[YOUR ASSIGNMENT] Only one stretch of the records below is wanted: the lines from the one holding "You can still" through the one holding "A crimson saree". Return it exactly, both ends included.

[THE INPUT]
- Opening Delimiter -

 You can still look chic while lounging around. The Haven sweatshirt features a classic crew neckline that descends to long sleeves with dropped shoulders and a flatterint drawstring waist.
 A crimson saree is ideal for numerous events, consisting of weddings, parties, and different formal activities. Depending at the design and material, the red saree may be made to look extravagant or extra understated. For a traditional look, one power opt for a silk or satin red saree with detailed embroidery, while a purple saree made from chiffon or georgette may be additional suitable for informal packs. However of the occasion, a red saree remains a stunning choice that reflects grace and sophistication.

- Closing Delimiter -
- Opening Delimiter -

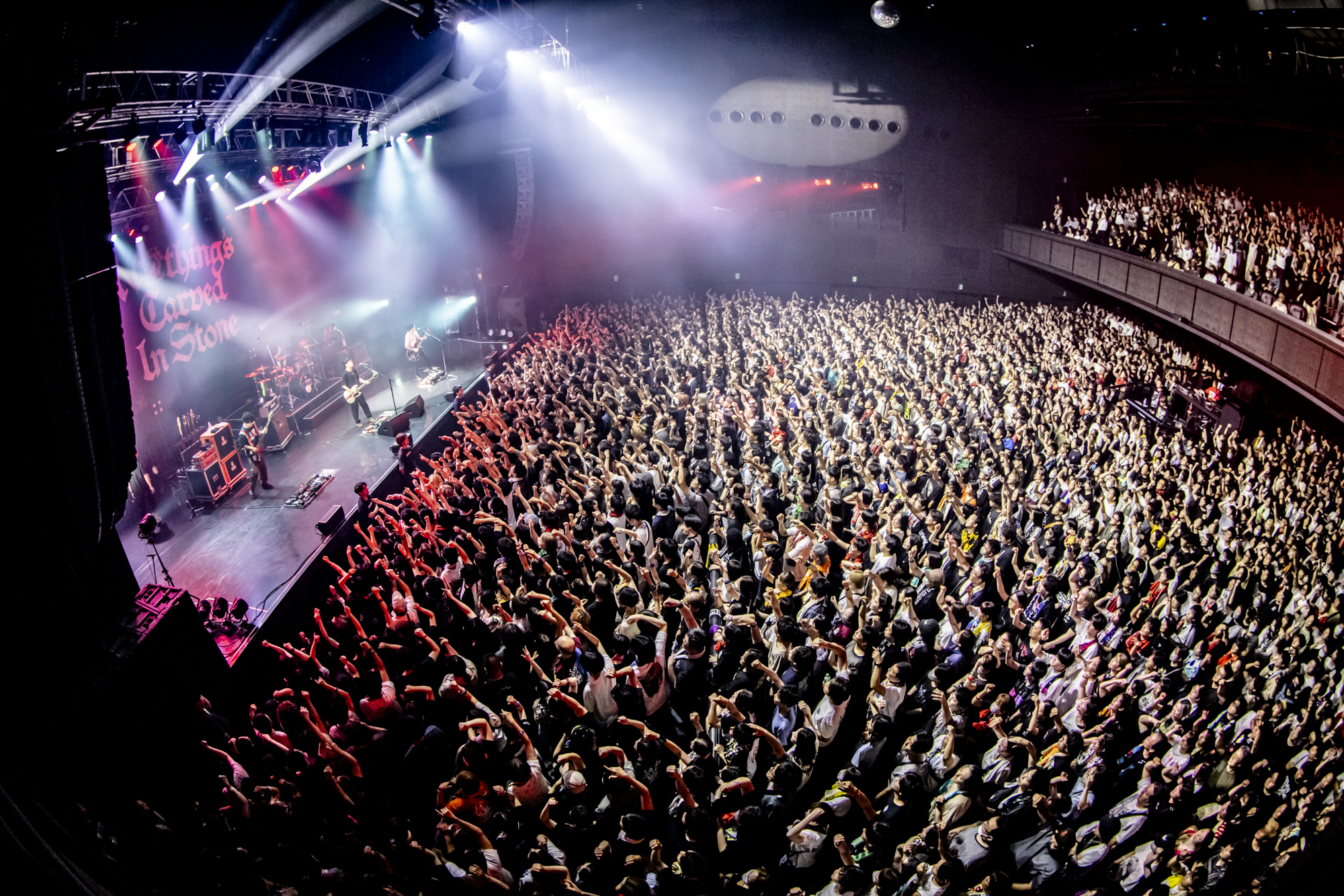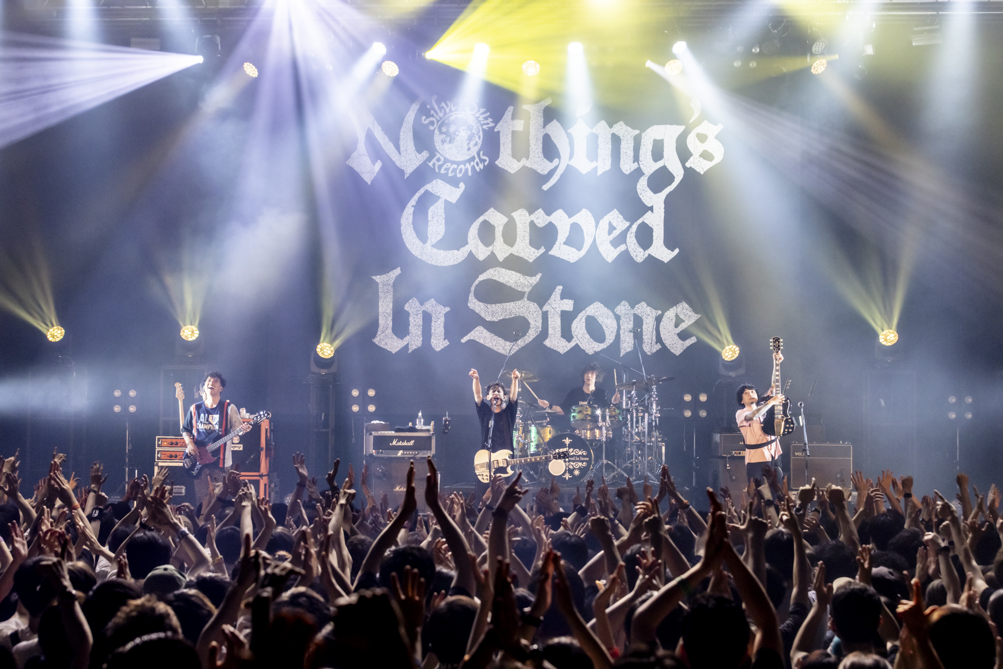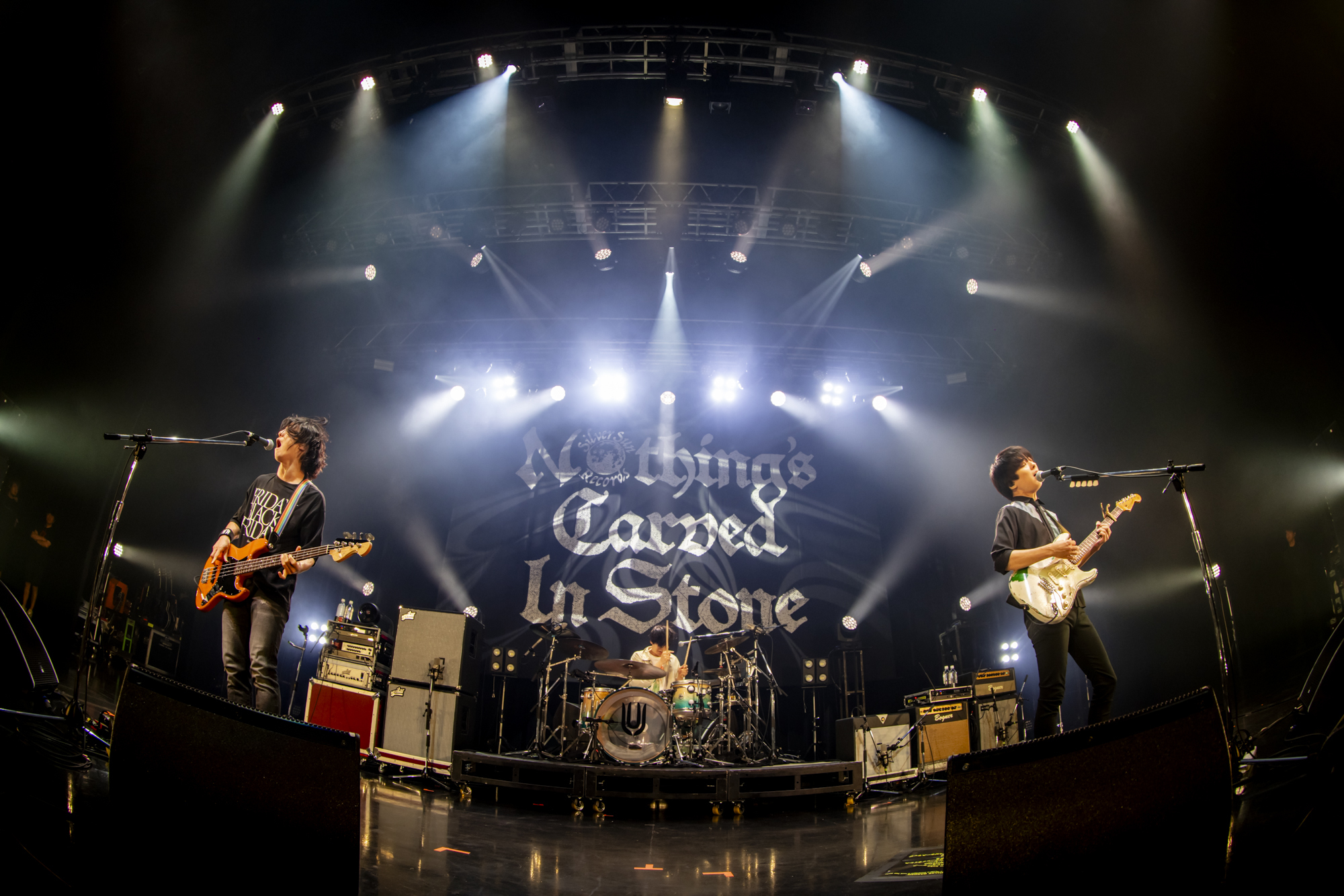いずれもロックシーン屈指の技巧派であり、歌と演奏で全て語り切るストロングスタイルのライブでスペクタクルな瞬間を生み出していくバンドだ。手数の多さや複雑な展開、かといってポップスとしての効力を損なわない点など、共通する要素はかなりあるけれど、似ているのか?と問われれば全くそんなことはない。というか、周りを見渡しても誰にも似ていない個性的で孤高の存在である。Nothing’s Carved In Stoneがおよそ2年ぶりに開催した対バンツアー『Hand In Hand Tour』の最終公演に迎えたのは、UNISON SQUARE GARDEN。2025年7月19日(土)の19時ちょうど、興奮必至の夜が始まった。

- Closing Delimiter -

[RESULT]
 You can still look chic while lounging around. The Haven sweatshirt features a classic crew neckline that descends to long sleeves with dropped shoulders and a flatterint drawstring waist.
 A crimson saree is ideal for numerous events, consisting of weddings, parties, and different formal activities. Depending at the design and material, the red saree may be made to look extravagant or extra understated. For a traditional look, one power opt for a silk or satin red saree with detailed embroidery, while a purple saree made from chiffon or georgette may be additional suitable for informal packs. However of the occasion, a red saree remains a stunning choice that reflects grace and sophistication.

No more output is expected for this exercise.